In 1975, García Serrano was elected member of the board of directors of Dyrsa editorial —Diarios y Revistas S.A.—.

He was survived by seven children, including the broadcaster and journalist Eduardo García Serrano, with his wife, Araceli García, having died in 1983 at the age of 54 due to pneumonia. Rafael García Serrano himself died in Madrid in 1988.

==War Novels==
Serrano's unique literary style has been acknowledged by critics as highly characteristic, combining literary discoveries with a barracks vocabulary to form a 'torn and fighting', 'bronco and castizo' style.

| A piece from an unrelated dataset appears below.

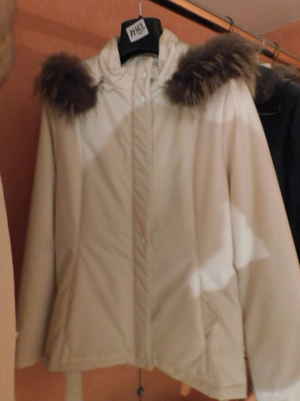 č. 1 bunda z tkaniny s golierom z racoon bisquit - ref. M342
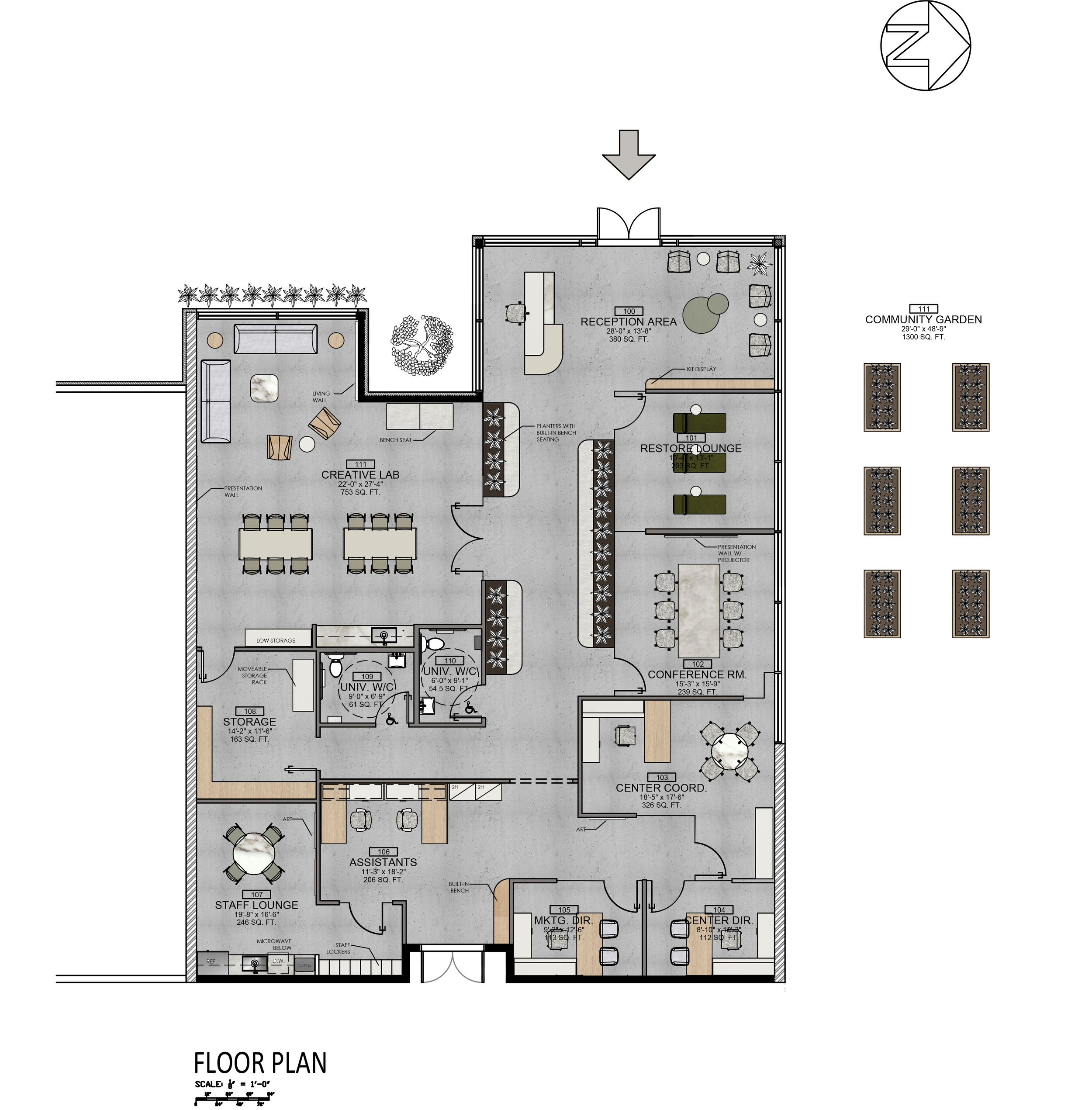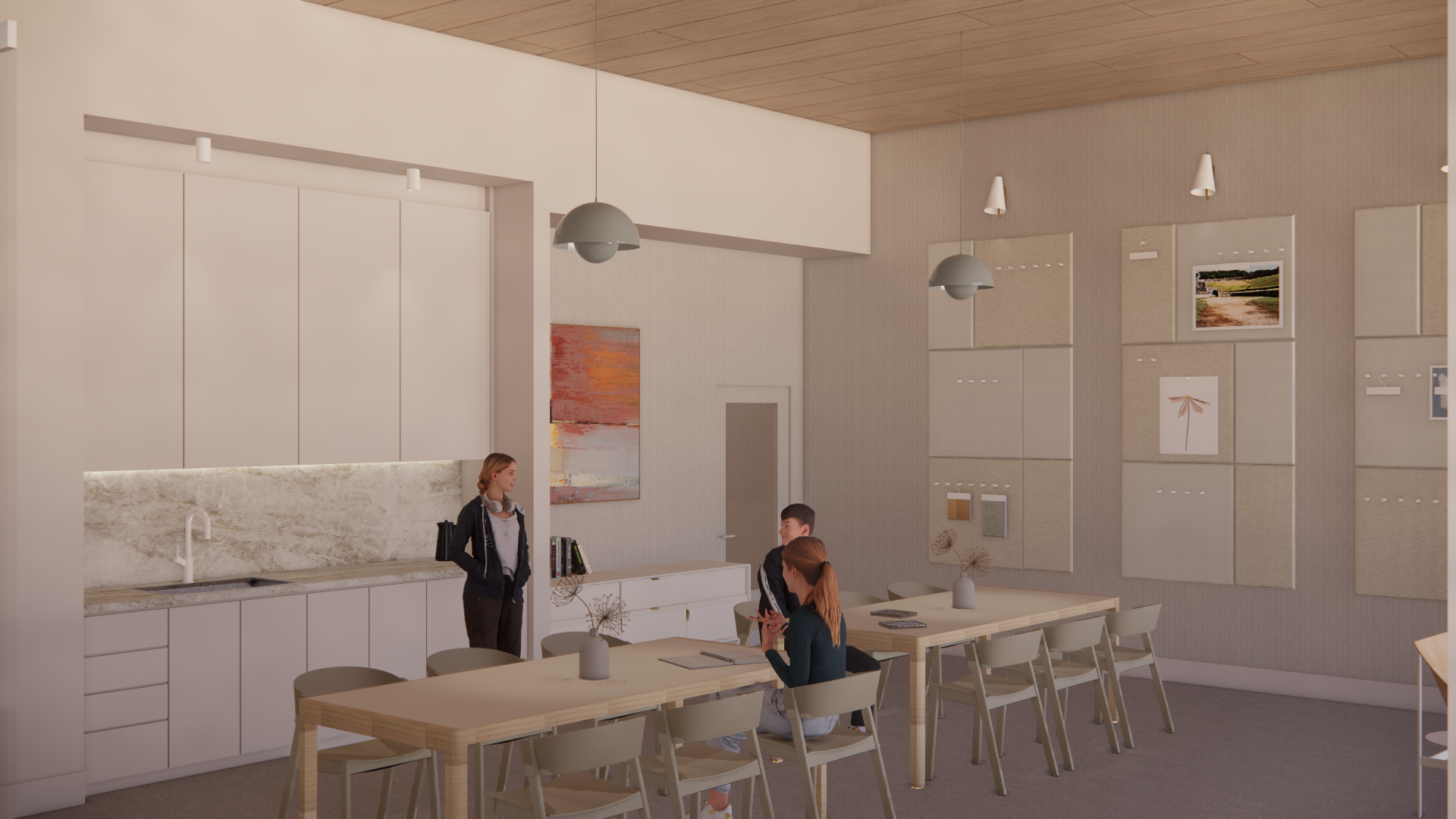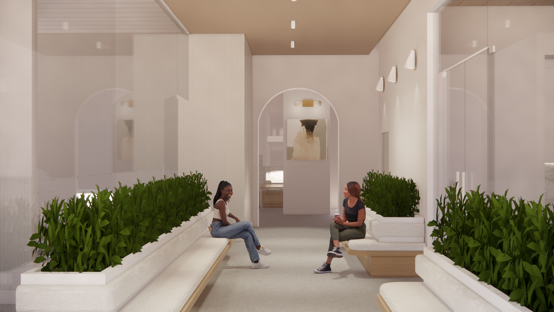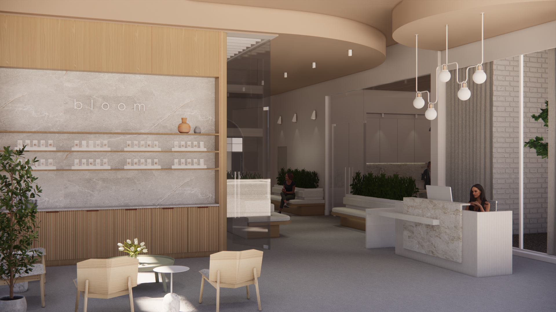 In the way that plants blossom and rise upwards, a combination of soft and vertical lines guide the eyes upward. Natural light is layered with warm, diffused lighting to create a comforting and inviting atmosphere. Earthy hues drawn from a springtime landscape are consistent throughout, offering a feeling of tranquility and stability. Biophilic elements are repeated throughout the space to foster a strong connection to nature, community and future possibilities.

His novel "La fiel infantería" is noteworthy for its pronounced avant-garde features, such as a multiplicity of situations with a non-linear plot and a triple narrative point of view. Expression is concise, condensed, and elliptical, filled with bold metaphors and allusions, sometimes obscure to the military context - echoing Valle-Inclán and Ramón Gómez de la Serna. This work exalts the fraternal spirit of camaraderie and heroism, particularly of those fighting on the frontlines.

Subsequent works, such as "Eugenio o proclamación de la primavera", while adhering to more traditional canons, still feature the common trait of conveying characters proud to pursue a just cause, though possibly not without creating a certain apologia for barbarism. This same piece, combines qualities of idealistic Renaissance poetry with a lack of ideological component.

==Filmography==
Serrano established a substantial body of work comprising 22 fiction feature films, 9 commercialized documentaries, and 12 television scripts. Included within this cinematographic legacy are: La fiel infantería (1960), which was directed by Pedro Lazaga and not based on a novel of the same name.

Other works include the script of Ronda española (1952), directed by Ladislao Vajda; La patrulla (1954), in which he appeared in as a cameo; The economically weak (1960), directed by Lazaga; The house of the Troy (1959); You and I are three (1961); Boyfriends of death (1975); The sailor with the golden fists (1968); and the legion likes women...and women like the legion (1976), by Rafael Gil.

In 1965, together with José María Sánchez Silva, he co-wrote the script for the documentary Morir en España (1965), directed by Mariano Ozores. He also directed Los ojos perdidos (1966), a film based on his own novel. The film was considered socially controversial due to its portrayal of events from the Civil War, during a period in which Spanish society attempted to move on from the conflict.

==Selected filmography==

===Screenwriter===
- Spanish Serenade (1952)
- College Boarding House (1959)
- The Invincible Gladiator (1961)
- The Sailor with Golden Fists (1968)
- Death's Newlyweds (1975)

===Director===
- Lost Eyes (1967)

== Bibliography ==
- Bentley, Bernard. A Companion to Spanish Cinema. Boydell & Brewer 2008.